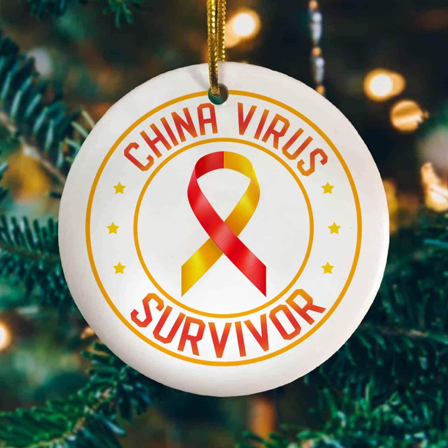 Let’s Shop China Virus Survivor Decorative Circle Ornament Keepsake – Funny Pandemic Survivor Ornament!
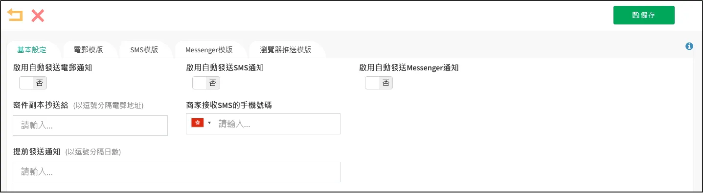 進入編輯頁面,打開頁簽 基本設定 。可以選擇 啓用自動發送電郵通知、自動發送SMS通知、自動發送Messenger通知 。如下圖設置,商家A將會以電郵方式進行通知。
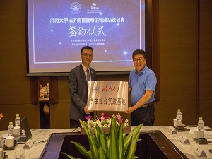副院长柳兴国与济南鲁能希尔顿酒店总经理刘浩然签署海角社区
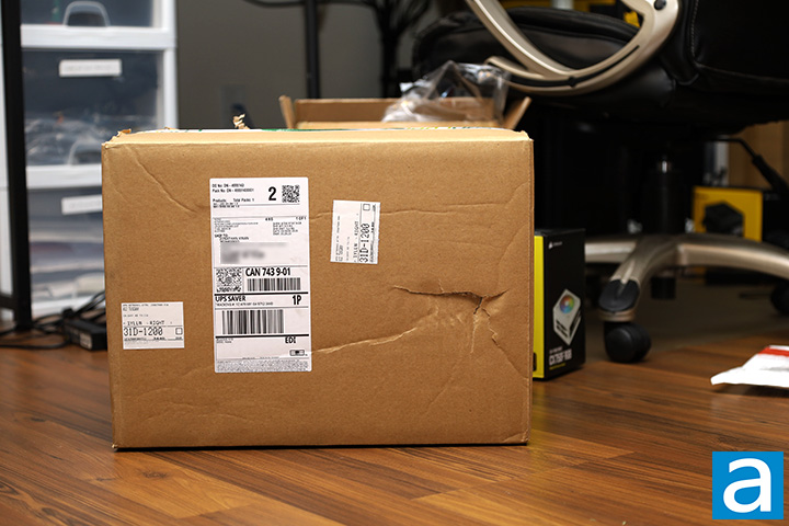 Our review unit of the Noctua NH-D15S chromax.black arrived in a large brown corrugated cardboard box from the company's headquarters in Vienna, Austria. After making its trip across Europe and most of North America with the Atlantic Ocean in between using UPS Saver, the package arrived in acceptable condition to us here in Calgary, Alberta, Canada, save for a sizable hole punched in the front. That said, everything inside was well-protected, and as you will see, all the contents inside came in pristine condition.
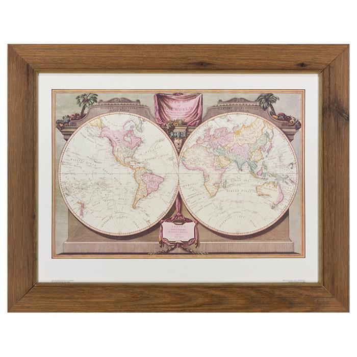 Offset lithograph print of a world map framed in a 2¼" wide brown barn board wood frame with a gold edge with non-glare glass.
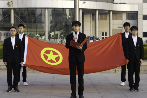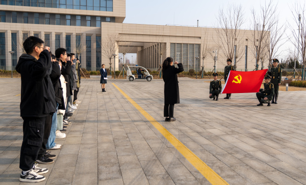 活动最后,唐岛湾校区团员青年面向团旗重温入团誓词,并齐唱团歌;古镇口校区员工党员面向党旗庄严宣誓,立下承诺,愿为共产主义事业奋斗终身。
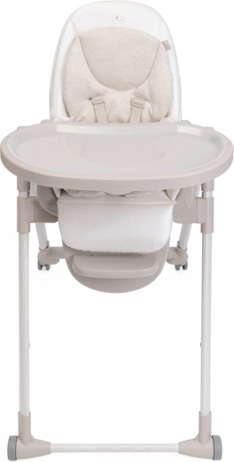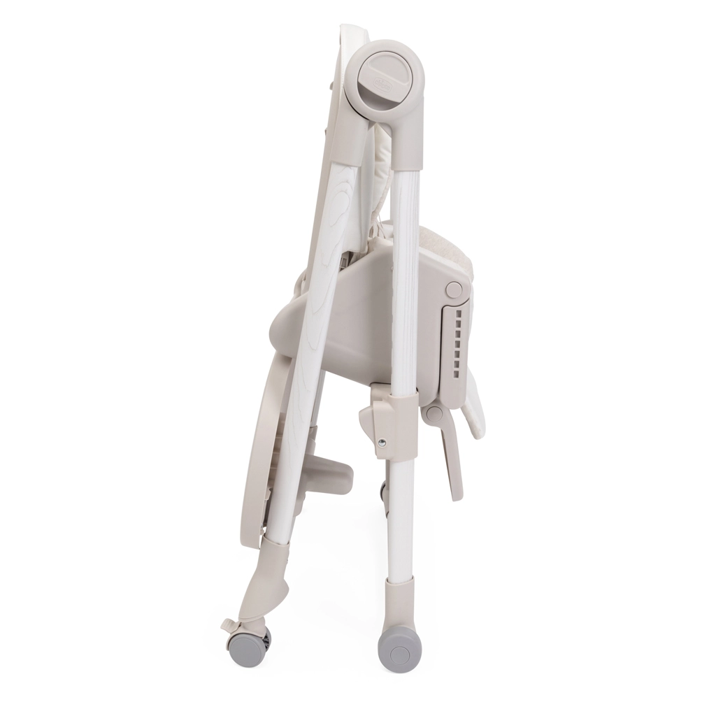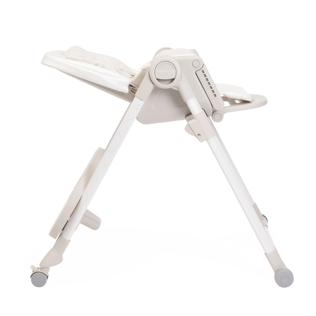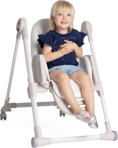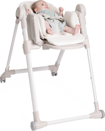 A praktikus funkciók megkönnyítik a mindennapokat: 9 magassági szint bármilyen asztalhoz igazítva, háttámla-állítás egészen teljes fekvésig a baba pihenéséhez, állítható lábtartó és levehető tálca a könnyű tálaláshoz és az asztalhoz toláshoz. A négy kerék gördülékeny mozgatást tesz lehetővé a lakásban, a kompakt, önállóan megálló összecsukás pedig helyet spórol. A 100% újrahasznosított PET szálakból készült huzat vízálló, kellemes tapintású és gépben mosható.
○ ○ ○ ○ ○ ○ ○
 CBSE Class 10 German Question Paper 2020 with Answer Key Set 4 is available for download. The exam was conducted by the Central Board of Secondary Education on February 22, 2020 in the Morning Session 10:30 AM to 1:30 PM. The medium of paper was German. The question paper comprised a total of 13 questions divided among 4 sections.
○ ○ ○ ○ ○ ○ ○
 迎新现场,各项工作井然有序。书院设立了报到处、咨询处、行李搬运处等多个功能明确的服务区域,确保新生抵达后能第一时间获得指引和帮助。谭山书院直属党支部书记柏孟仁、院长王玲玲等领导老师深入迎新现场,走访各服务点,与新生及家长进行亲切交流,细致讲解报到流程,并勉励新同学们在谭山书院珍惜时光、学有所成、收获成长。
○ ○ ○ ○ ○ ○ ○
BRIEF: Write out the lines above from the one with "活动最后,唐岛湾校区团员青年" through the one with "A praktikus funkciók", ends included, exactly; no picture goes in.

SOLUTION FOR THIS PROBLEM:
 活动最后,唐岛湾校区团员青年面向团旗重温入团誓词,并齐唱团歌;古镇口校区员工党员面向党旗庄严宣誓,立下承诺,愿为共产主义事业奋斗终身。
 A praktikus funkciók megkönnyítik a mindennapokat: 9 magassági szint bármilyen asztalhoz igazítva, háttámla-állítás egészen teljes fekvésig a baba pihenéséhez, állítható lábtartó és levehető tálca a könnyű tálaláshoz és az asztalhoz toláshoz. A négy kerék gördülékeny mozgatást tesz lehetővé a lakásban, a kompakt, önállóan megálló összecsukás pedig helyet spórol. A 100% újrahasznosított PET szálakból készült huzat vízálló, kellemes tapintású és gépben mosható.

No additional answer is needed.